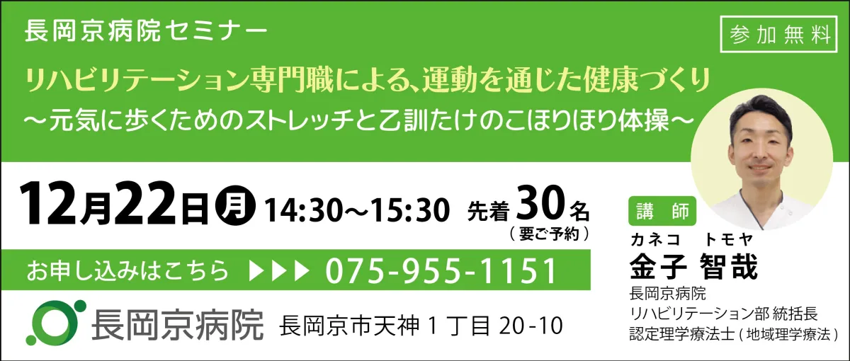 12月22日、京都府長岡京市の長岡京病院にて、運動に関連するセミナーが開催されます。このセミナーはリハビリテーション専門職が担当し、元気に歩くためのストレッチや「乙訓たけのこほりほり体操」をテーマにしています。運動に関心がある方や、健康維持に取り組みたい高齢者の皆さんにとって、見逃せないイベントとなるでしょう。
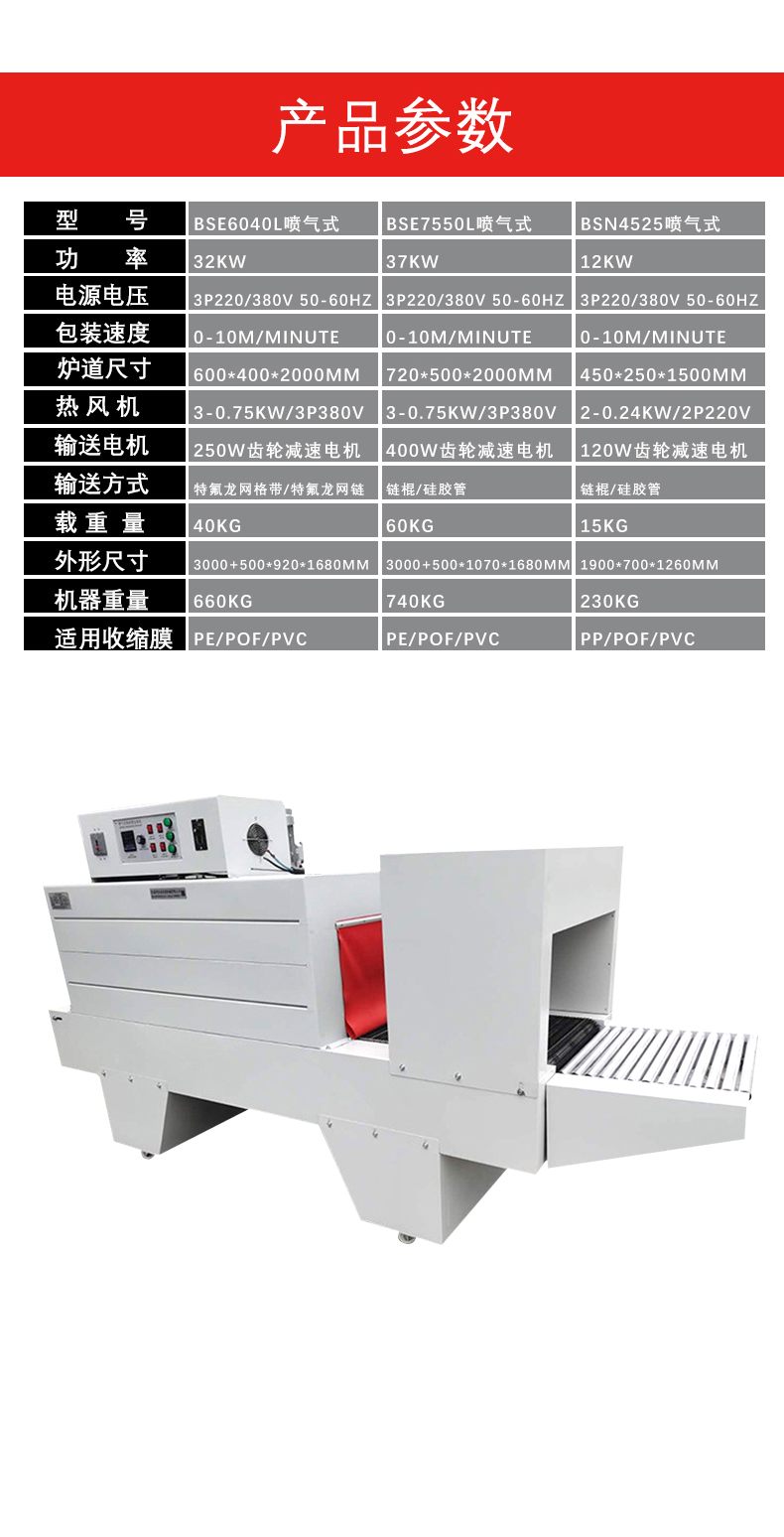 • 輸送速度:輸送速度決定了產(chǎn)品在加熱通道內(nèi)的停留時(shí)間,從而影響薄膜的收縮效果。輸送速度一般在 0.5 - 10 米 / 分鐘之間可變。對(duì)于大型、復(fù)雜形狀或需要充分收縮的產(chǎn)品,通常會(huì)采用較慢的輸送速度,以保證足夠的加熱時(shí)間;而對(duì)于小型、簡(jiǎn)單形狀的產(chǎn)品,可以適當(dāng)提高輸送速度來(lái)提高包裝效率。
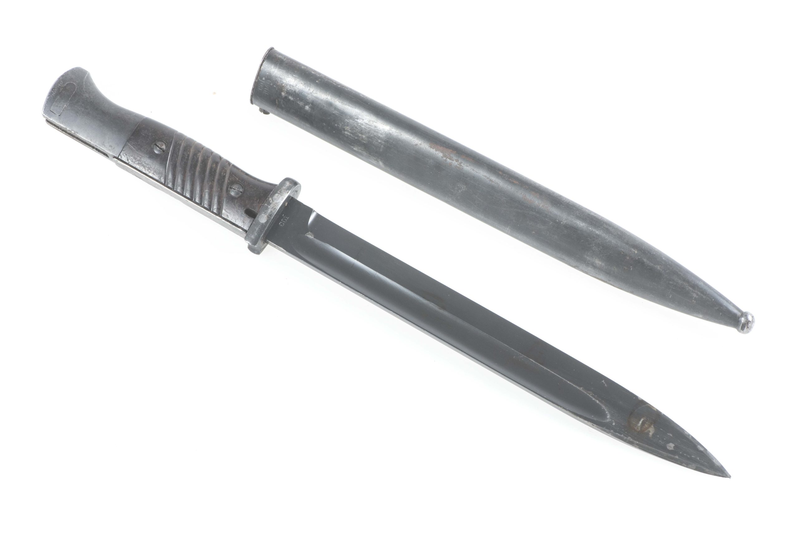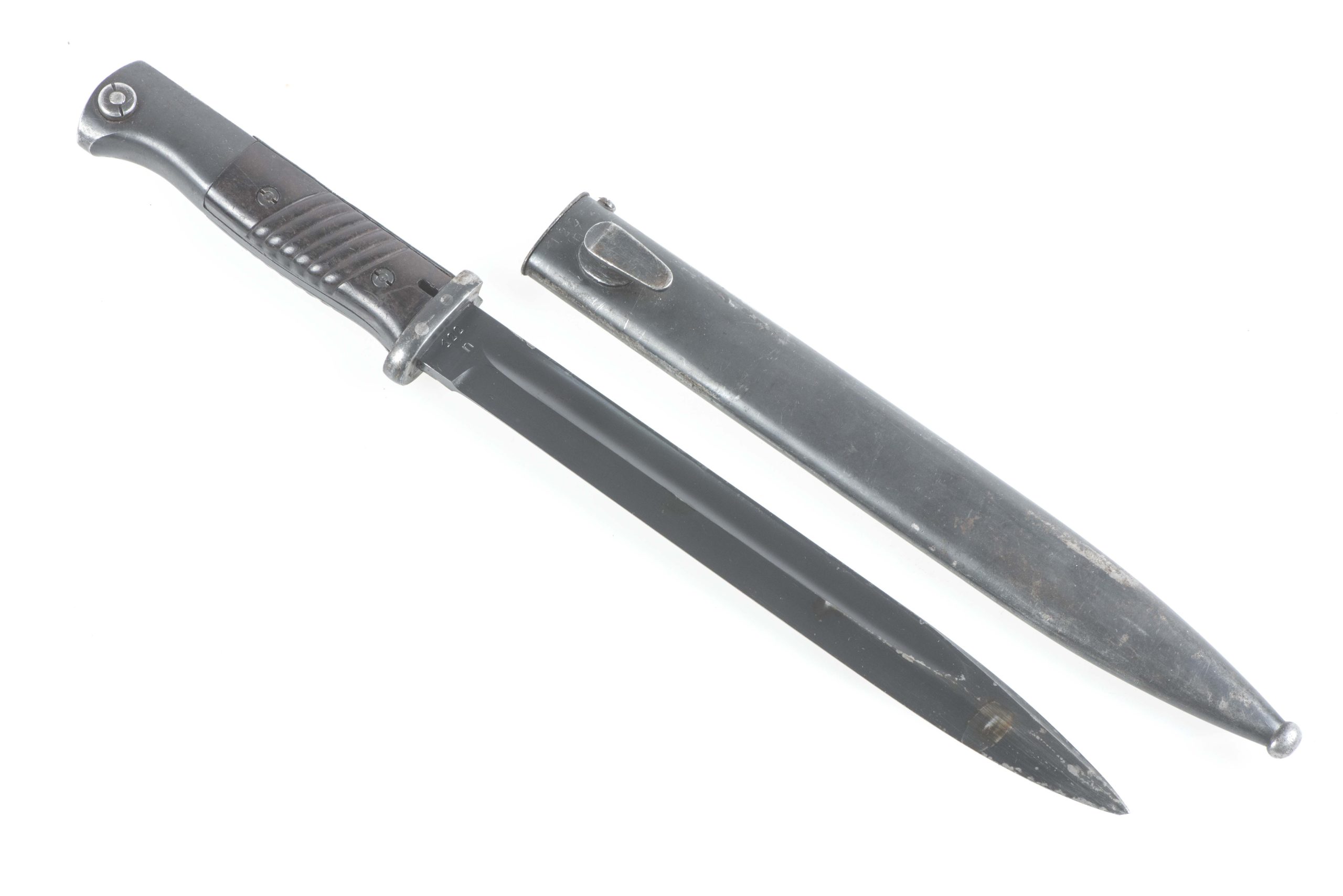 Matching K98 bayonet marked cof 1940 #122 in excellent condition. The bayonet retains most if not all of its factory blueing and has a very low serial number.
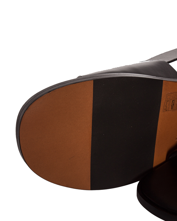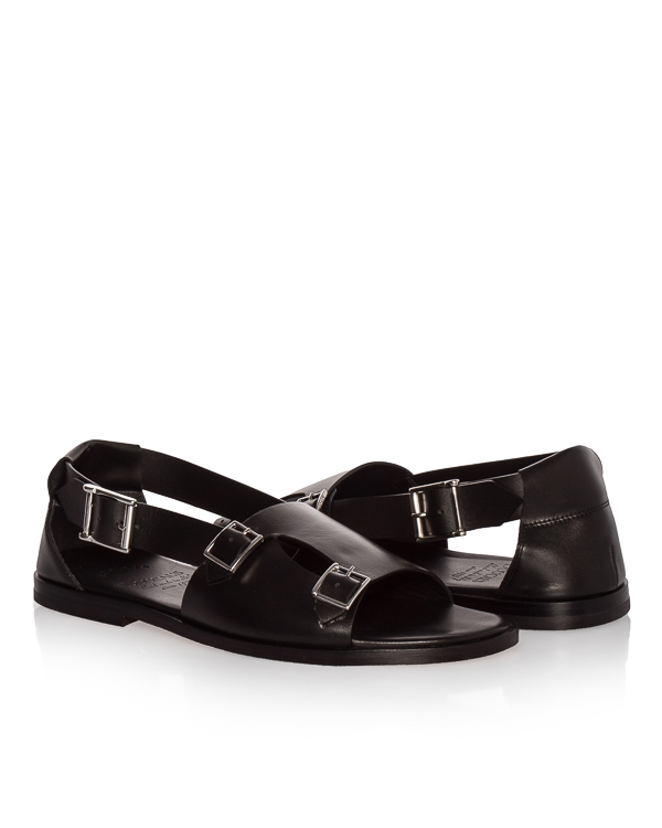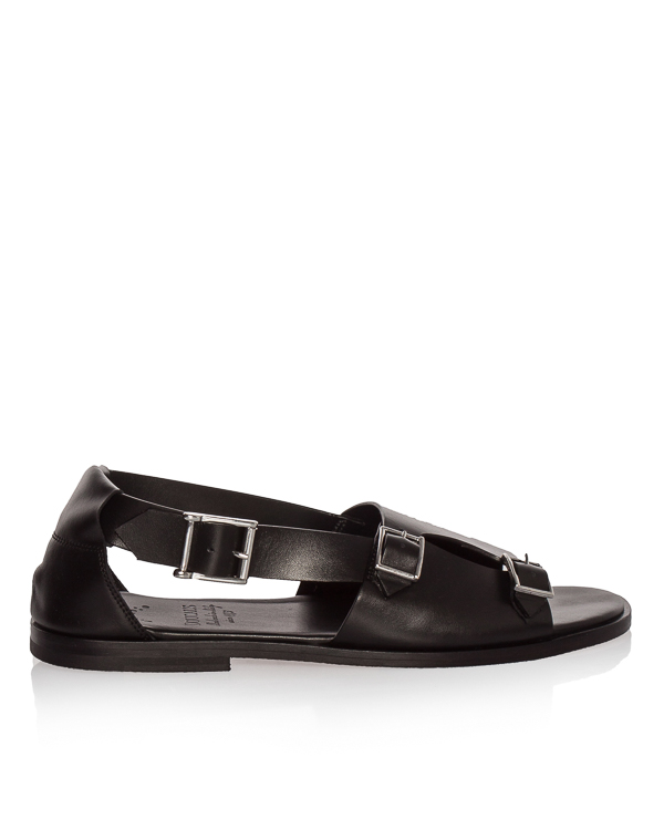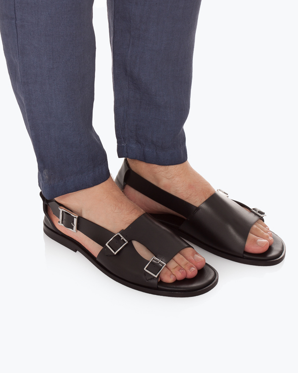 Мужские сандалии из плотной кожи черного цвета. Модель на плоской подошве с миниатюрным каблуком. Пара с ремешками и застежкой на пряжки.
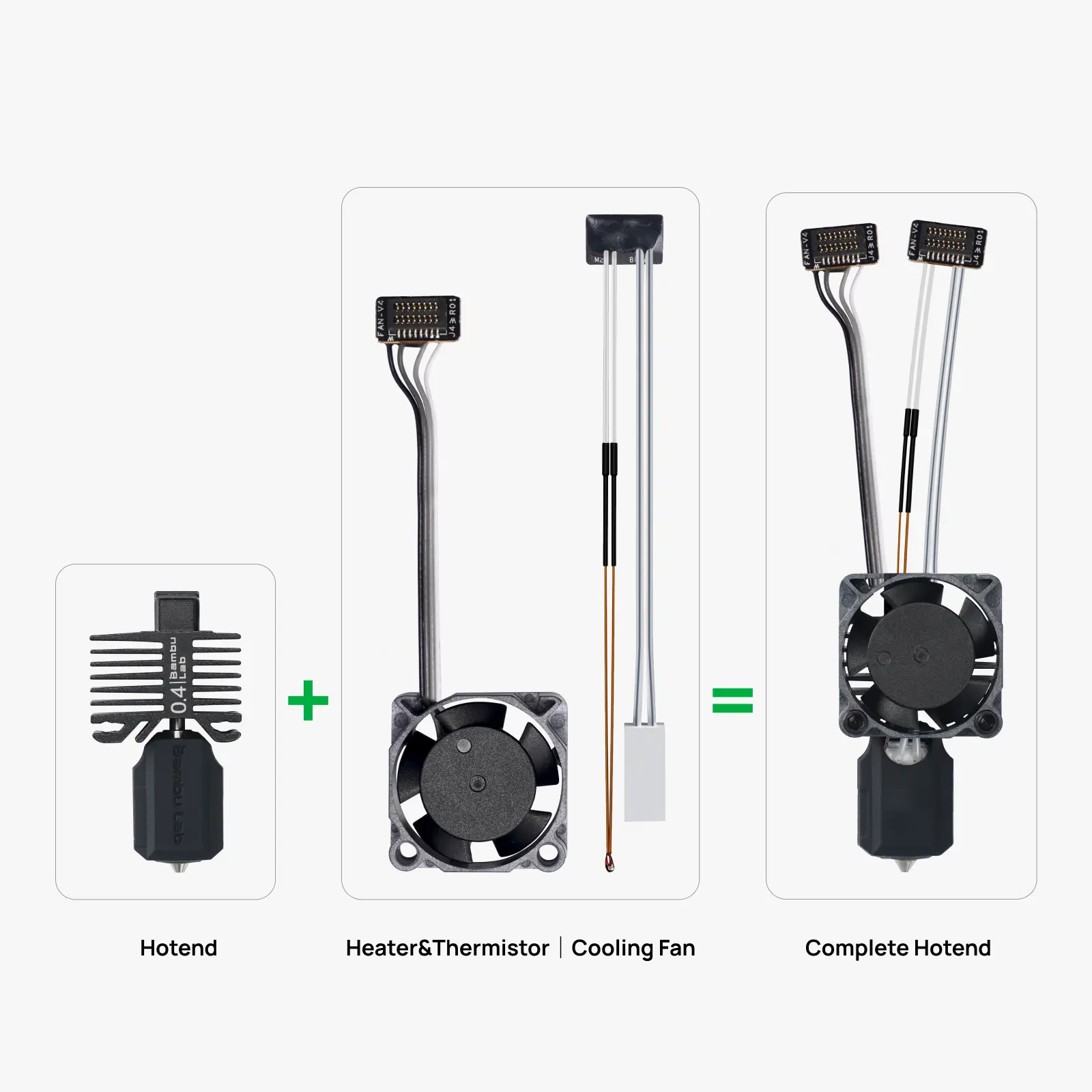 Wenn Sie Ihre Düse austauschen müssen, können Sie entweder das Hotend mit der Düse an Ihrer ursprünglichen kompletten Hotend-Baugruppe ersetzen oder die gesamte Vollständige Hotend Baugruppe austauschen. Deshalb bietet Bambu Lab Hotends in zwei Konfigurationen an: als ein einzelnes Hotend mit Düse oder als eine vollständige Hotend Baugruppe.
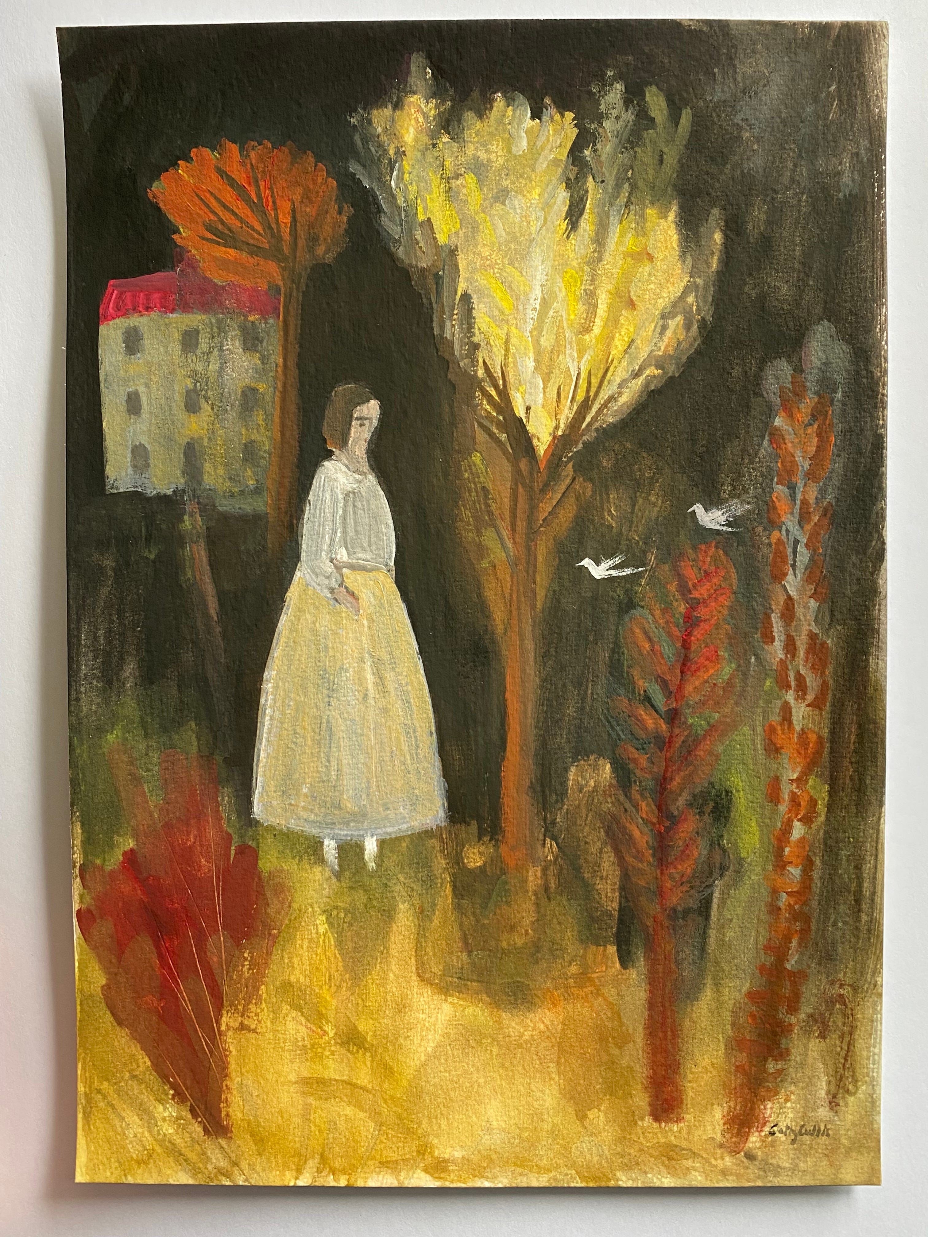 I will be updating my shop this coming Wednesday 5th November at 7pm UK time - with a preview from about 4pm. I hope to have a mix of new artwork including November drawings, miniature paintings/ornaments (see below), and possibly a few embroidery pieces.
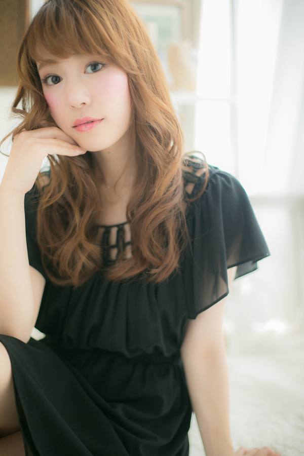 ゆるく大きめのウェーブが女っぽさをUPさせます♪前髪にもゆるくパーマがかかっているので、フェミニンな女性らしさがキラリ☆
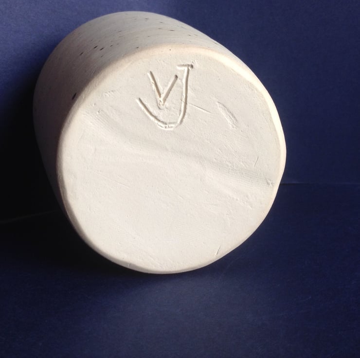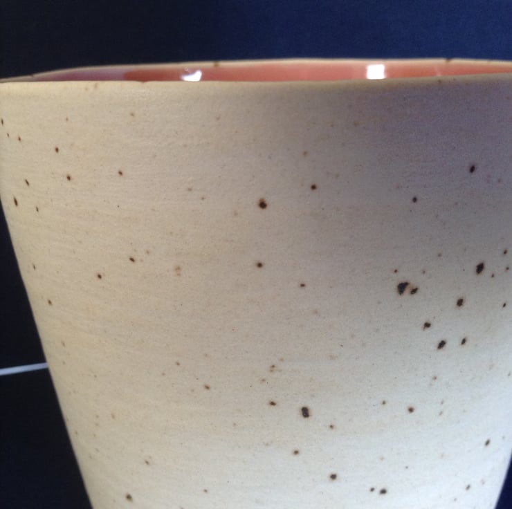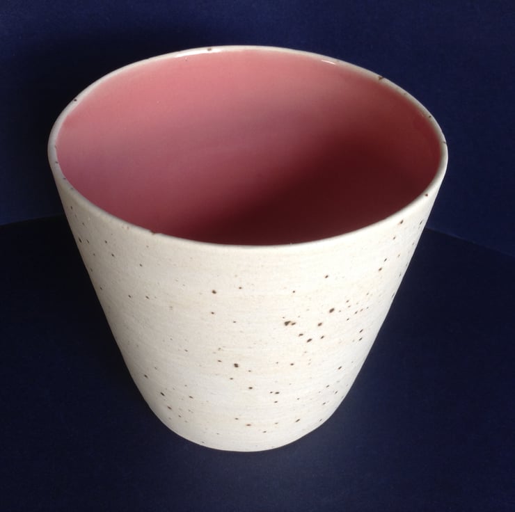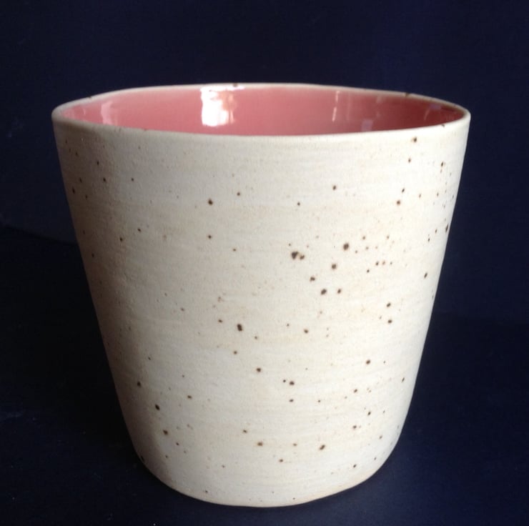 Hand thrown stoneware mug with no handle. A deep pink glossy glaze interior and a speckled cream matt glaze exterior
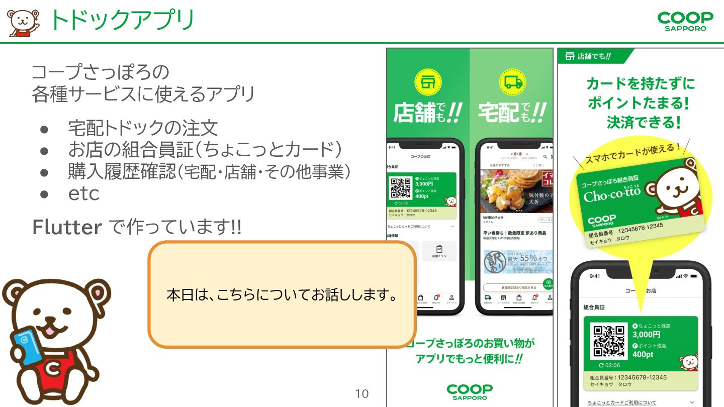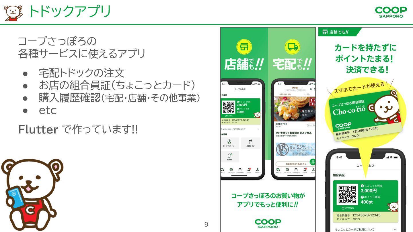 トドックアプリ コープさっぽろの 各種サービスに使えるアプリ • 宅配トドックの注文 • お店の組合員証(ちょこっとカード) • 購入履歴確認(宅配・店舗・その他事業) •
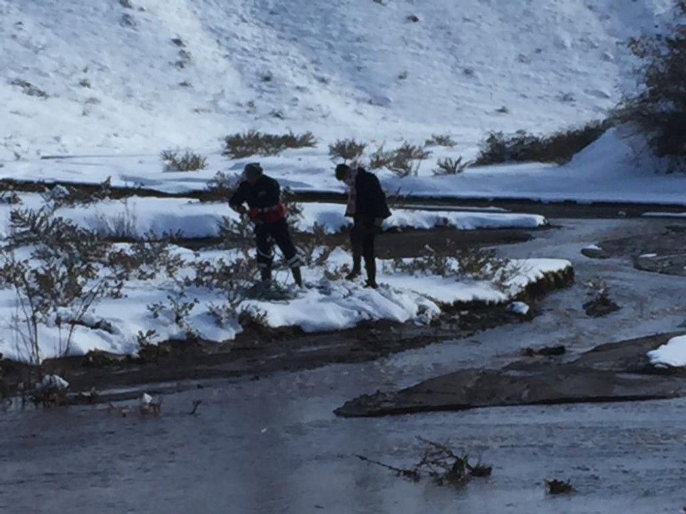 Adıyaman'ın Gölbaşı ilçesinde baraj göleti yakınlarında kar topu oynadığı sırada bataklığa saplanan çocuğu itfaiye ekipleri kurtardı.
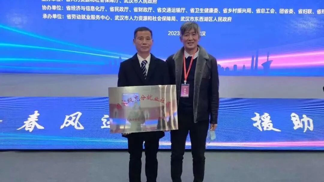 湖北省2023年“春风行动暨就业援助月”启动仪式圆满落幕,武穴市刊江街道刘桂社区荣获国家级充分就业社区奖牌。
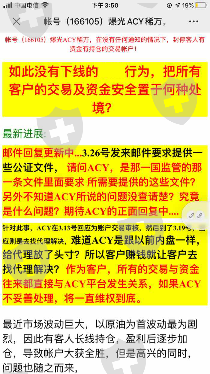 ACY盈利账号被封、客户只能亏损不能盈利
|---|
**Prompt:** Word for word, restate all of the records. Exclude the pictures.

**Expected output:**
 12月22日、京都府長岡京市の長岡京病院にて、運動に関連するセミナーが開催されます。このセミナーはリハビリテーション専門職が担当し、元気に歩くためのストレッチや「乙訓たけのこほりほり体操」をテーマにしています。運動に関心がある方や、健康維持に取り組みたい高齢者の皆さんにとって、見逃せないイベントとなるでしょう。
 • 輸送速度:輸送速度決定了產(chǎn)品在加熱通道內(nèi)的停留時(shí)間,從而影響薄膜的收縮效果。輸送速度一般在 0.5 - 10 米 / 分鐘之間可變。對(duì)于大型、復(fù)雜形狀或需要充分收縮的產(chǎn)品,通常會(huì)采用較慢的輸送速度,以保證足夠的加熱時(shí)間;而對(duì)于小型、簡(jiǎn)單形狀的產(chǎn)品,可以適當(dāng)提高輸送速度來(lái)提高包裝效率。
 Matching K98 bayonet marked cof 1940 #122 in excellent condition. The bayonet retains most if not all of its factory blueing and has a very low serial number.
 Мужские сандалии из плотной кожи черного цвета. Модель на плоской подошве с миниатюрным каблуком. Пара с ремешками и застежкой на пряжки.
 Wenn Sie Ihre Düse austauschen müssen, können Sie entweder das Hotend mit der Düse an Ihrer ursprünglichen kompletten Hotend-Baugruppe ersetzen oder die gesamte Vollständige Hotend Baugruppe austauschen. Deshalb bietet Bambu Lab Hotends in zwei Konfigurationen an: als ein einzelnes Hotend mit Düse oder als eine vollständige Hotend Baugruppe.
 I will be updating my shop this coming Wednesday 5th November at 7pm UK time - with a preview from about 4pm. I hope to have a mix of new artwork including November drawings, miniature paintings/ornaments (see below), and possibly a few embroidery pieces.
 ゆるく大きめのウェーブが女っぽさをUPさせます♪前髪にもゆるくパーマがかかっているので、フェミニンな女性らしさがキラリ☆
 Hand thrown stoneware mug with no handle. A deep pink glossy glaze interior and a speckled cream matt glaze exterior
 トドックアプリ コープさっぽろの 各種サービスに使えるアプリ • 宅配トドックの注文 • お店の組合員証(ちょこっとカード) • 購入履歴確認(宅配・店舗・その他事業) •
 Adıyaman'ın Gölbaşı ilçesinde baraj göleti yakınlarında kar topu oynadığı sırada bataklığa saplanan çocuğu itfaiye ekipleri kurtardı.
 湖北省2023年“春风行动暨就业援助月”启动仪式圆满落幕,武穴市刊江街道刘桂社区荣获国家级充分就业社区奖牌。
 ACY盈利账号被封、客户只能亏损不能盈利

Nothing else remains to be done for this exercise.